This experiment describes the process of lectin affinity chromatography on solubilized receptors. This experiment was derived from Protein Purification and Identification Laboratory Guide by Houzhu Zhu.
Operation method
Lectin affinity chromatography experiments on solubilized receptors
Materials and Instruments
Wheat Germ Agglutinin (WGA)-Agarose Dissolved Insulin Receptor Bovine Serum Albumin [125I] Insulin (Receptor Grade) Porcine Insulin Bovine Gamma-Globulin Polyethylene Glycol 6000 Solution D Solution E Binding Buffer Move MATERIALS AND EQUIPMENT For more product details, please visit Aladdin Scientific website.
Disposable Small Plastic Columns
Wheat germ agglutinin (WGA)-agarose (~2.5 ml deposited microspheres) (Vector Laboratories, Inc. ALI023 or EY Laboratories, Inc. A2101)
Dissolved insulin receptor (obtained from Experiment 2)
Disposable miniplastic column (Bio-Rad Laboratories)
Bovine serum albumin (BSA, 1%)
[125I] Insulin (receptor grade) (DuPont NEN NEX 196)
Porcine insulin [17.5 umol/L (0.1 mg/ml) in 0.001mol/L HCl] (Sigma Chemical Co.
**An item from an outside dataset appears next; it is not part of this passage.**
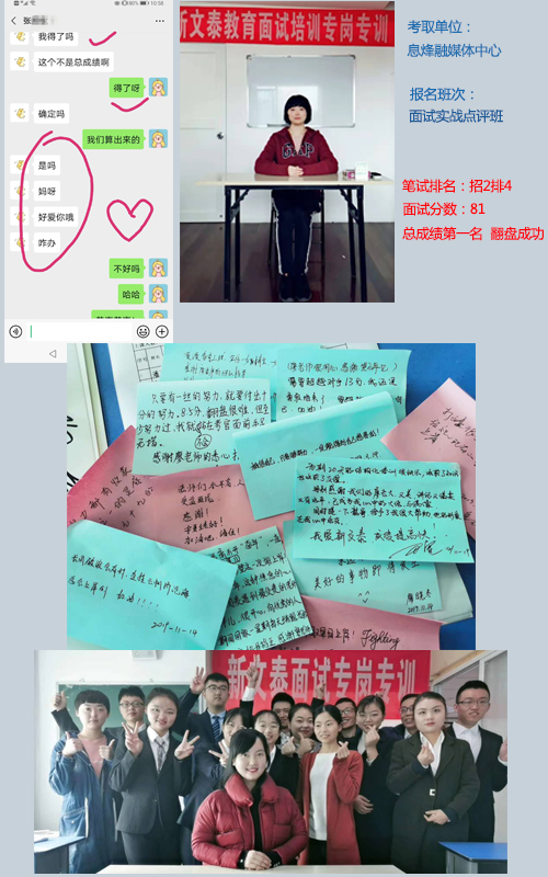 知道笔试成绩时第一时间联系了新文泰的老师分析看看能不能入围,莫名的信任他们,我性格是那种比较担心的性格所以一直都很担心,排名出来之后第五(第三名同分),然后老师说分差不多啊有希望,然后马上就投入培训,当时咨询老师就给我推荐廖美人老师,然后就感觉廖老师很厉害我肯定有希望的,哪知道上课后我发现自己好弱,别人都好会说好有点,我乱七八糟什么都说不好,然后就找廖老师聊(发牢骚)廖老师一直鼓励我要有信心,平时我有疑问老师都能解答真的特别贴心,真是贴心小棉袄呀!临到考试老师都一直一直在鼓励我们,考完试我也第一时间联系了老师,她也很肯定的告诉我问题不大,她真的是我最坚实的后盾,今天她突然恭喜我,正在上班的我不能淡定,一直在骚扰她问她“确定吗”,最后真的是我逆袭成功了!我终于可以上光荣榜了!?

I3505)
Bovine gamma-globulin ( 0.4%, in Alcoholic Solution B) (Miles Laboratories, Inc., 82-041-2)
Polyethylene Glycol 6000 (20% aqueous solution)
Reagents
Solution D
Solution E
Binding Buffer (for receptor solubilization)
(for recipe, see “Preparation of Reagents”, PP.234?240)
Operating Procedures
LectinAffinity Chromatography
1) Wash 2.5 ml of WGA-agarose with 25 ml of Solution D to remove uncoupled WGA.
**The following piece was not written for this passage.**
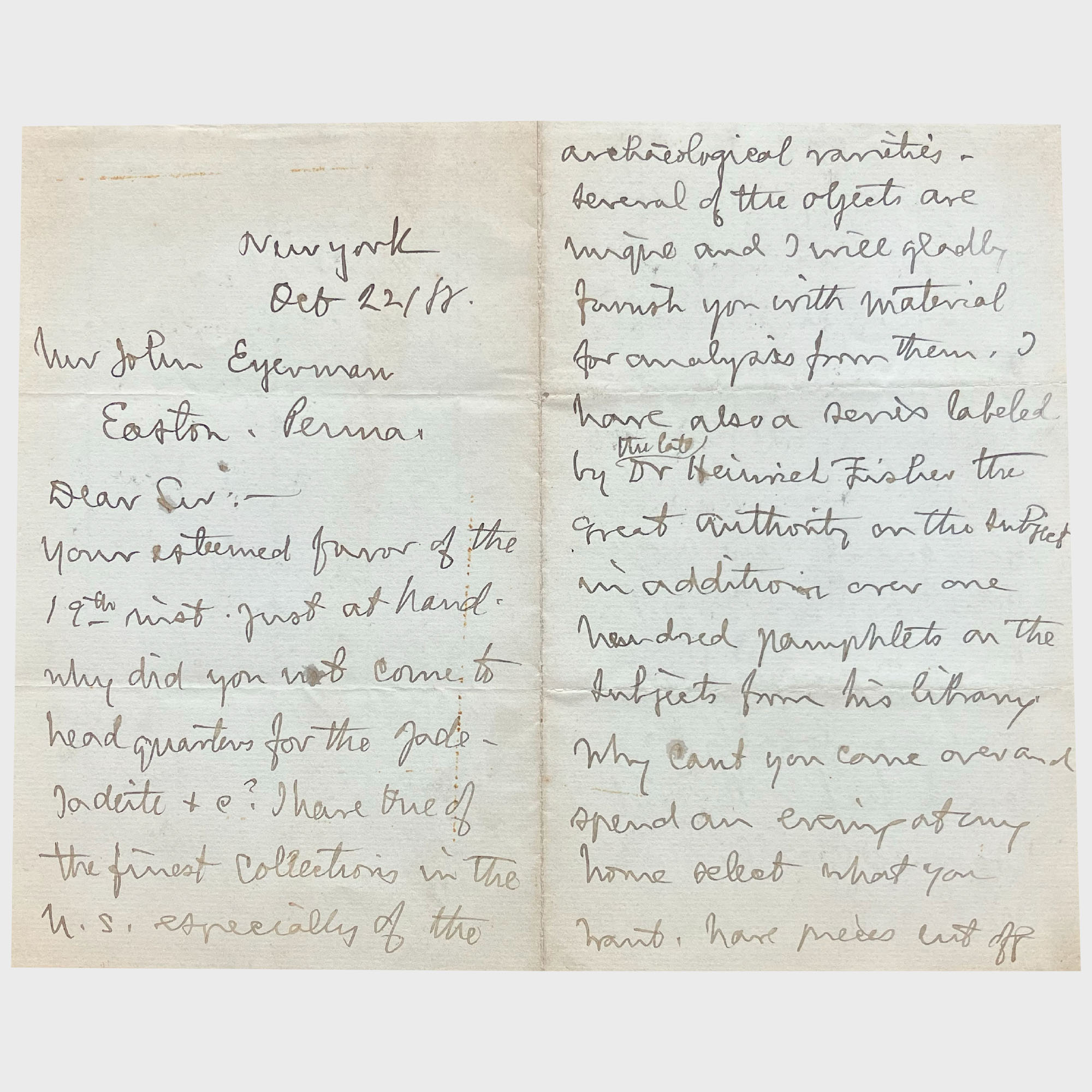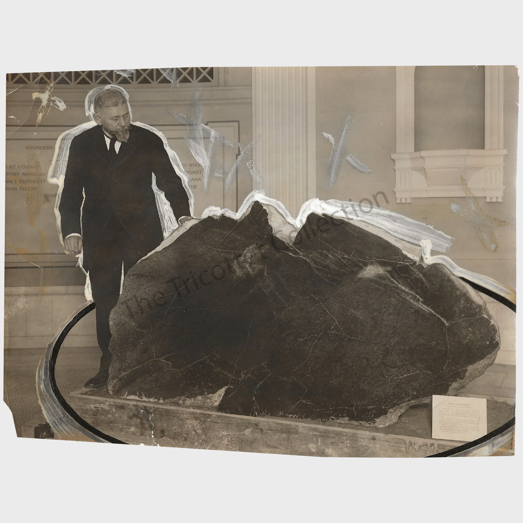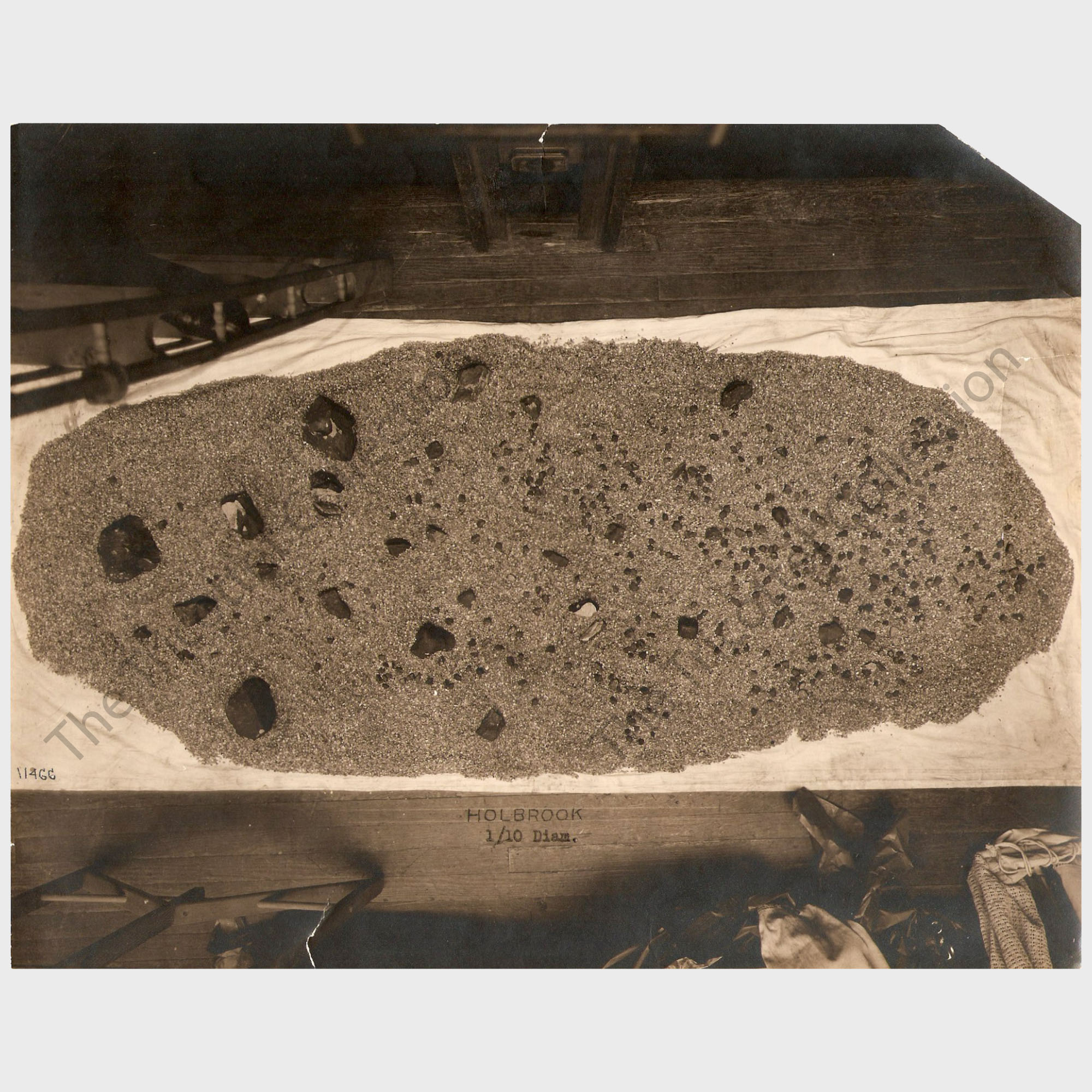 Warren Mathews Foote (1872-1934), son of mineral dealer Albert E. Foote, took over management of his father's business in 1895 and changed its name to the Foote Mineral Company, Philadelphia, in 1900. In meteorite dealing, he is best remembered as being the main supplier of the many thousands of Holbrook stones that fell in 1912 in Arizona, which had just become a US State the same year. He recovered most of the Holbrook meteorite material, including 29 individuals over 1 kg, 6,000 individuals of 1 gram to 1 kg and 8,000 individuals under 1 gram (Foote, 1912a). Holbrook stones were central to his collection and sales stock, as attested by his 1912 catalogue (Foote, 1912b). With so many specimens, Foote was able to do some aggressive marketing, offering specimens in series of hundreds, representative of the strewn field size distribution. Foote had 11 Holbrook series available for sale, from 836 specimens down to 57. He especially mentioned that "no individuals of less than 10 grams nor more than 100 grams [were] sold except in series of 500 grams or more". An astute dealer, he wrote "Because of the low price and great scientific as well as popular interest, three-quarters of the Holbrook fall was permanently distributed as soon as offered in October. Those desiring series should order immediately" (p. 7). In the Foote Collection of Meteorites chapter, we learn that his collection contained some rarities from the S.C.H. Bailey collection (including the original labels), but while constituting "the nucleus and chief excellence of the collection, its greatest individual superiority lies in the series of over two thousand complete boloids from the very recent and most wonderful stone shower near Holbrook, Arizona, July 19th 1912 [...] This suite includes all of the specimens described in the preliminary note [Foote, 1912a] and is among the finest series illustrative of a meteorite shower, to be found in any collection in the world." It is very likely that his Bailey specimens were obtained from a trade with the American Museum of Natural History (AMNH) for the 2,000 Hobrook stones that became part of the museum collection (Reeds, 1937).
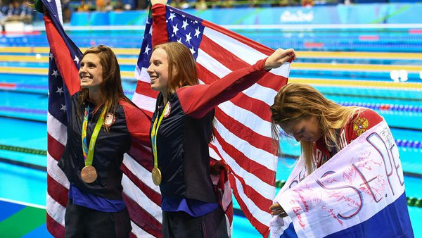 لیلی کینگ و کاتی میلی شناگران زن آمریکایی که در مسابقه 100 متر کرال سینه مقام اول و سوم را کسب کردند، هنگام رفتن به روی سکو برای دریافت مدال طلا و برنز خود با یولیا افیموآ، شناگر روس که به مقام دوم رسید، دست ندادند.

2) Mix 10~15 mg of dissolved insulin receptor (~5 ml) with 2.5 ml of washed WGA-agarose and the mixture is gently shaken at 4°C for 16 h or at room temperature for 1 h.
3) Pour the agarose into a disposable mini-plastic column and rinse with 15 ml of solution D.
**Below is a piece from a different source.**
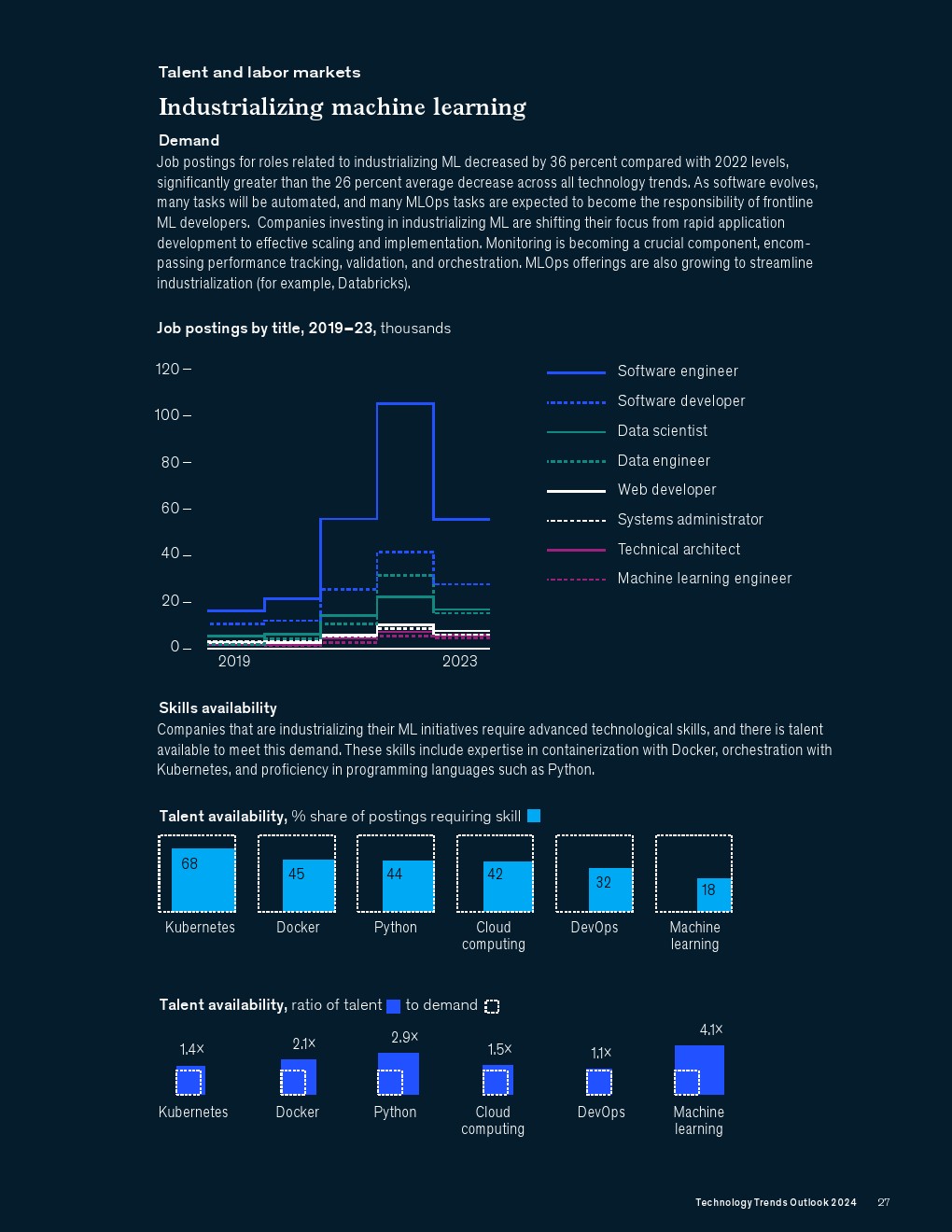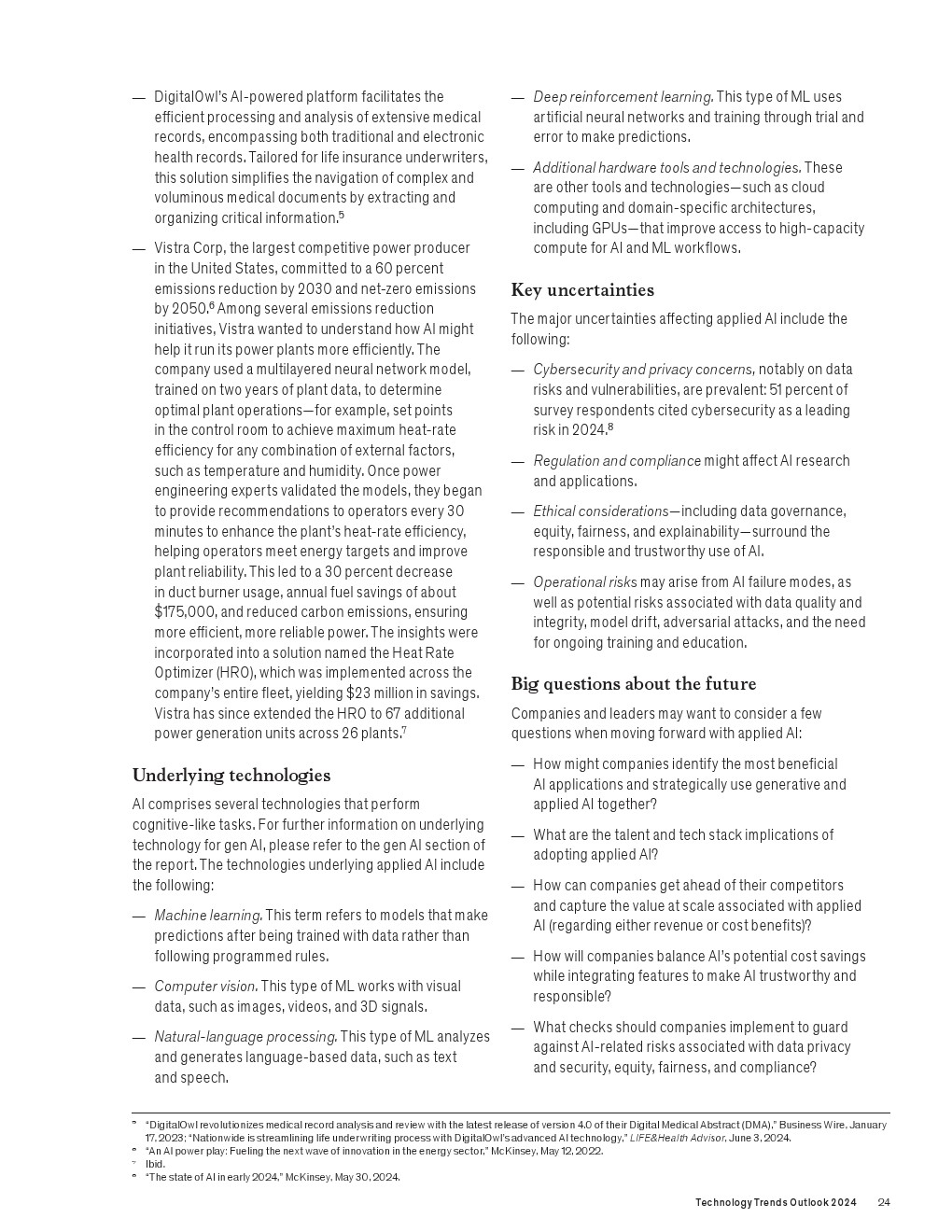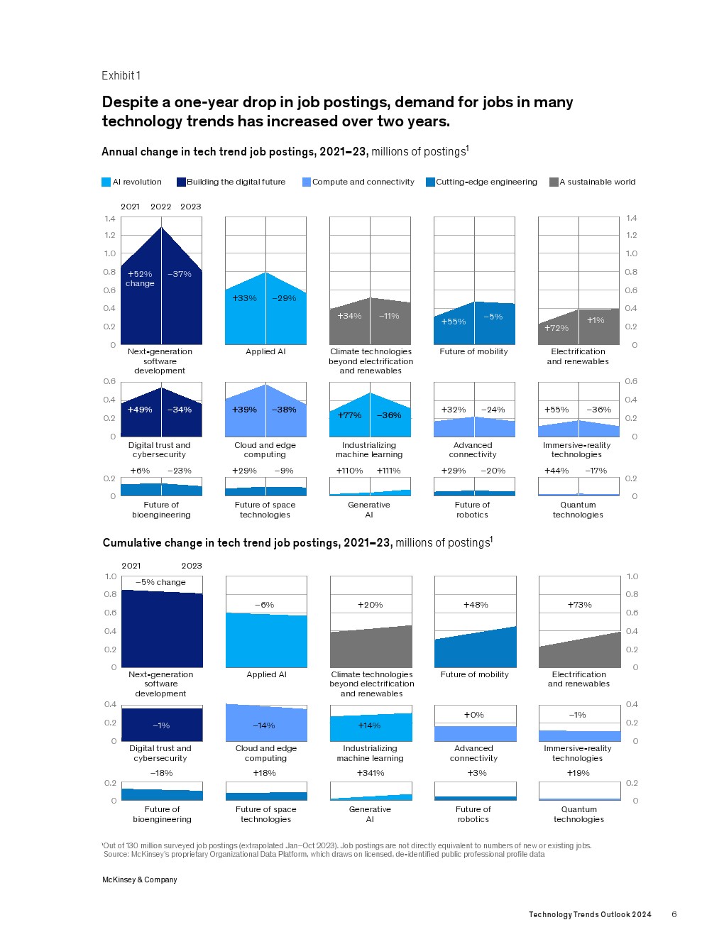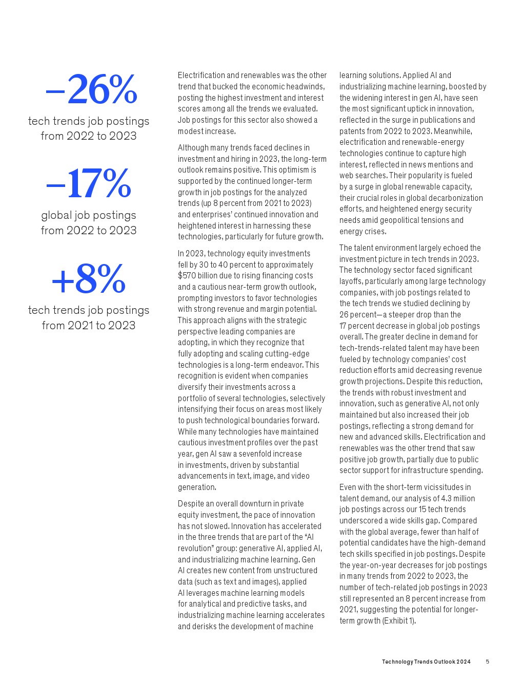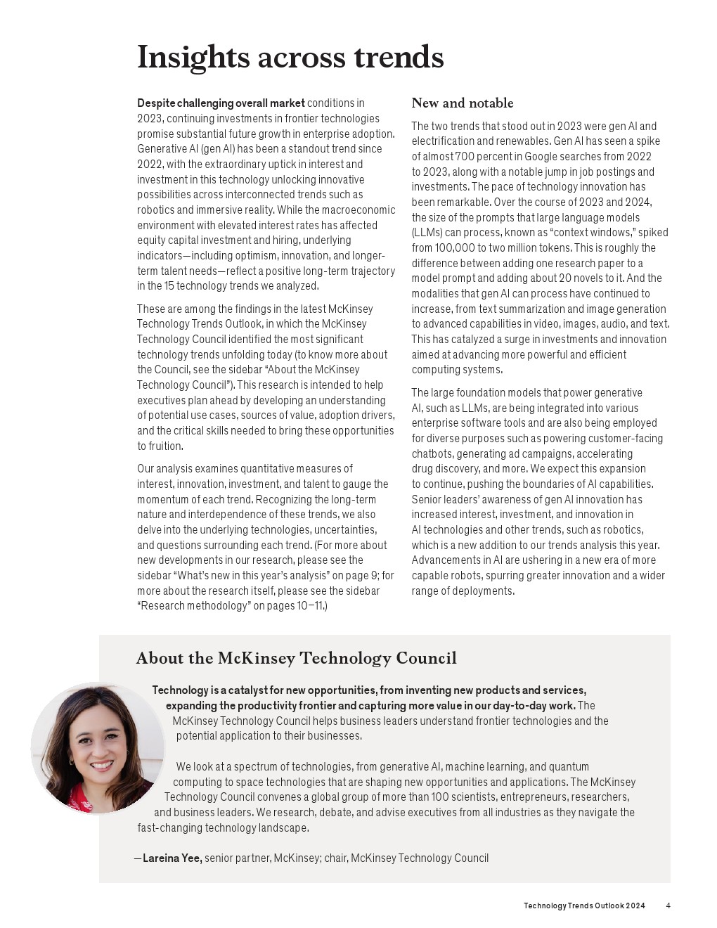 2023年最突出的两个趋势是人工智能、电气化和可再生能源。从2022年到2023年,谷歌对新一代人工智能的搜索量飙升了近700%,招聘信息和投资也出现了显著增长。技术创新的步伐是惊人的。在2023年和2024年期间,大型语言模型(llm)可以处理的提示(称为“上下文窗口”)的大小从10万个标记飙升至200万个标记。这大致相当于在模型提示中添加一篇研究论文和添加大约20本小说之间的区别。人工智能可以处理的模式也在不断增加,从文本摘要和图像生成到视频、图像、音频和文本的高级功能。这促进了投资和创新的激增,旨在推进更强大、更高效的计算系统。

4) Elute insulin receptor with 15 ml of solution E. Collect 0.5-ml of solution E in portions. Collect the 0.5-ml fractions in sections and determine the protein concentration of each fraction by microprotdnassay. Combine the fractions containing the protein concentration peak; this typically yields approximately 3 ml of 0.3 mg/ml protein.
Note: The main protein peak is usually found in tubes 3-6, i.e., about 1/2 column volume, and is quite sharp. The reagent buffer and agarose for the sceptic column should be kept at the same temperature. Using reagents at different temperatures can create bubbles and cause inhomogeneity within the column, resulting in a loss of resolution of the eluted proteins.
Determination of insulin binding to partially purified receptors
1) Set up the following reaction system in microcentrifuge tubes: 
The results from tube A give the total binding amount and the results from tube B give the non-specific binding amount. Specific binding = cpm value of tube A - cpm value of tube B.
Note: Receptor grade [125I ] insulin (NEX196) from DuPont NEN has a specific activity of 2200 uCi/nmoL. the insulin concentration is 35.5 nmol/L. For this assay, it is necessary to add [ 125I] to the [ 125I] insulin. 125 I] insulin reservoir solution with buffer (50 mmol/L HEPES, 0.1% Triton X-100, 0.1% BSA, pH 7.4) to 5 nmol/L. For partially purified receptors, the final concentration of [125I ] insulin required for the binding assay should be 500 ppmol/L, which is comparable to 30 ul of 5 nmol/L solution in a 300-ul reaction system. 5 nmol/L solution in a 300-ul reaction system.
2) Incubate the above reaction system at 4°C for 16 h or at room temperature for 2 h.
3) Separate the receptor-bound insulin from the free insulin by precipitation. Add 75ul of 0.4% bovine gamma-globulin and incubate for 5 min at 4°C. Add 375420% polyethylene glycol 6000 and incubate for 10 min at 4°C.
4) The mixture was centrifuged in a microcentrifuge for 10 min and the precipitate was collected.
5) After removing as much of the supernatant as possible from the tubes, the sediment was counted to determine the radioactivity intensity.
Results
Typical results of purification of solubilized insulin receptor by WGA-agarose affinity chromatography are shown in Figure 4-5 and Table 5.